Use Reciprocal Rank Fusion (RRF) to merge semantic and keyword results, with post-RRF boosting for importance and recency.

The implementation in search_repo.py works as follows:

  1. Retrieve candidates — run both semantic (top 30) and FTS5 (top 30) searches with the same filters.
  2. Compute RRF scores — for each unique chunk_id across both result sets:
    score = 0
    if chunk in semantic results: score += 1 / (k + semantic_rank)
    if chunk in FTS results:      score += 1 / (k + fts_rank)
    
    where k = 60 (standard default from the original RRF paper).
  3. Post-RRF boosting — multiply the RRF score by two heuristic factors:
  4. Importance boost: 1.0 + min(importance, 10) / 20 — range 1.0x to 1.5x based on the chunk's enriched importance score (0-10).
  5. Recency boost: 0.7 + 0.3 * exp(-0.023 * age_days) — exponential decay with a 30-day half-life, range 0.7x (old) to 1.0x (fresh).
  6. Sort and return top n_results by boosted score.

Results are cached in a module-level LRU cache (128 entries, 60-second TTL) keyed on (store_path, query_text, embedding_hash, all_filters, k).

Consequences

Positive

  • No score normalization needed — RRF operates on ranks, not raw scores. This avoids the fragile calibration problem of combining L2 distances (semantic) with BM25 scores (FTS5) on different scales.
  • Robust with minimal tuning — the single k parameter (60) is the standard default from Cormack, Clarke & Buettcher, "Reciprocal Rank Fusion outperforms Condorcet and individual Rank Learning Methods", SIGIR 2009 and works well in practice. No per-query weight adjustment needed.
  • Chunks appearing in both lists get a natural boost — a result ranked highly by both semantic and keyword search receives contributions from both terms, surfacing the most relevant content.
  • Handles disjoint results gracefully — chunks appearing in only one list still get a score and can surface if ranked highly enough.
  • Fast — the RRF merge itself is O(n + m) after both searches complete.
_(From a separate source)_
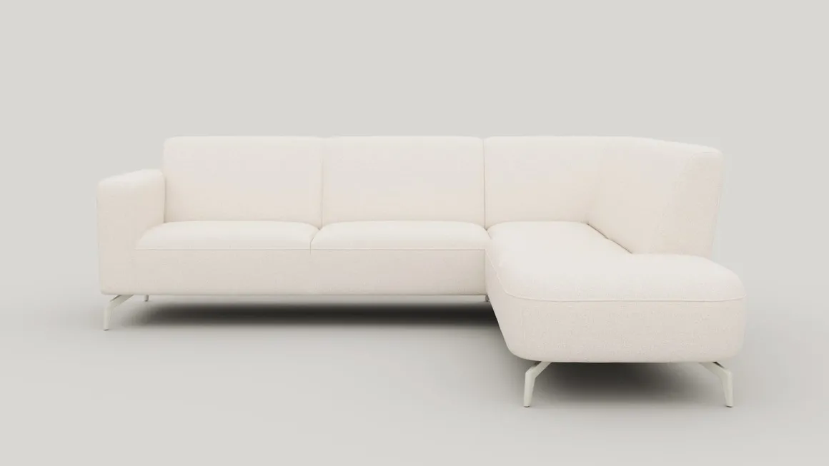Op zoek naar een bank met een moderne uitstraling én een zachte touch? Dan is deze TWIST-hoekopstelling precies wat je zoekt. De combinatie van een 2,5-zits met armleuning links en een longchair (chaise longue) rechts zorgt voor een uitnodigende, asymmetrische vorm. De bank is bekleed met stof Ponti in de kleur crème. Dit is een platgeweven stof die lekker zacht aanvoelt. De afgeronde vormen en de metalen designpoten in silk grey geven TWIST zijn kenmerkende, luchtige look.
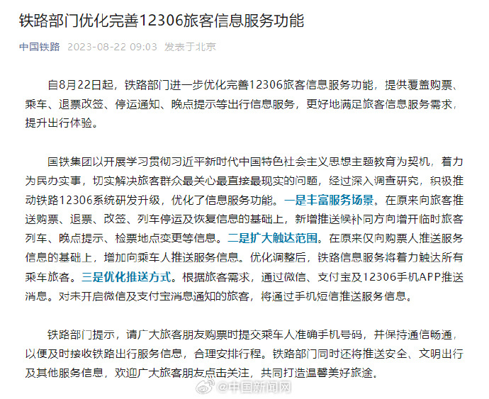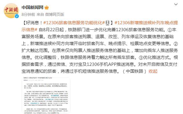 自8月22日起,铁路部门进一步优化完善12306旅客信息服务功能。①丰富服务场景。在原来向旅客推送购票、退票、改签、列车停运及恢复信息的基础上,新增推送候补同方向增开临时旅客列车、晚点提示、检票地点变更等信息。②扩大触达范围。在原来仅向购票人推送服务信息的基础上,增加向乘车人推送服务信息。优化调整后,铁路信息服务将着力触达所有乘车旅客。③优化推送方式。根据旅客需求,通过微信、支付宝及12306手机APP推送消息。对未开启微信及支付宝消息通知的旅客,将通过手机短信推送服务信息。

The dominant cost is the semantic KNN scan, not the fusion.

Negative

  • k = 60 is hardcoded — while the standard default works well for general retrieval, domain-specific tuning (e.g., favouring keyword precision for error-code lookups vs. semantic recall for concept queries) would require making k configurable. This is a known limitation.
  • No learned relevance — RRF is a heuristic. A cross-encoder re-ranker would produce higher-quality rankings but at the cost of loading a second model and adding 100-500ms latency per query.
  • Post-RRF boosting adds implicit bias — the importance and recency multipliers mean that a highly-important recent chunk can outrank a more semantically relevant older one. This is intentional (recent decisions matter more) but could surprise users searching for historical content.
  • Cache invalidation is time-based only — the 60-second TTL means writes within the cache window are invisible to search. Acceptable for the typical MCP usage pattern (search → store → next prompt) but could cause stale results in rapid write-then-read loops.

Neutral

  • The 3x over-fetch (top 30 from each source for a default n_results=10) provides a large enough candidate pool for RRF fusion without excessive DB load.
  • Adding a third signal (e.g., knowledge graph proximity) would simply add another 1/(k + rank_i) term to the RRF sum — the algorithm extends naturally.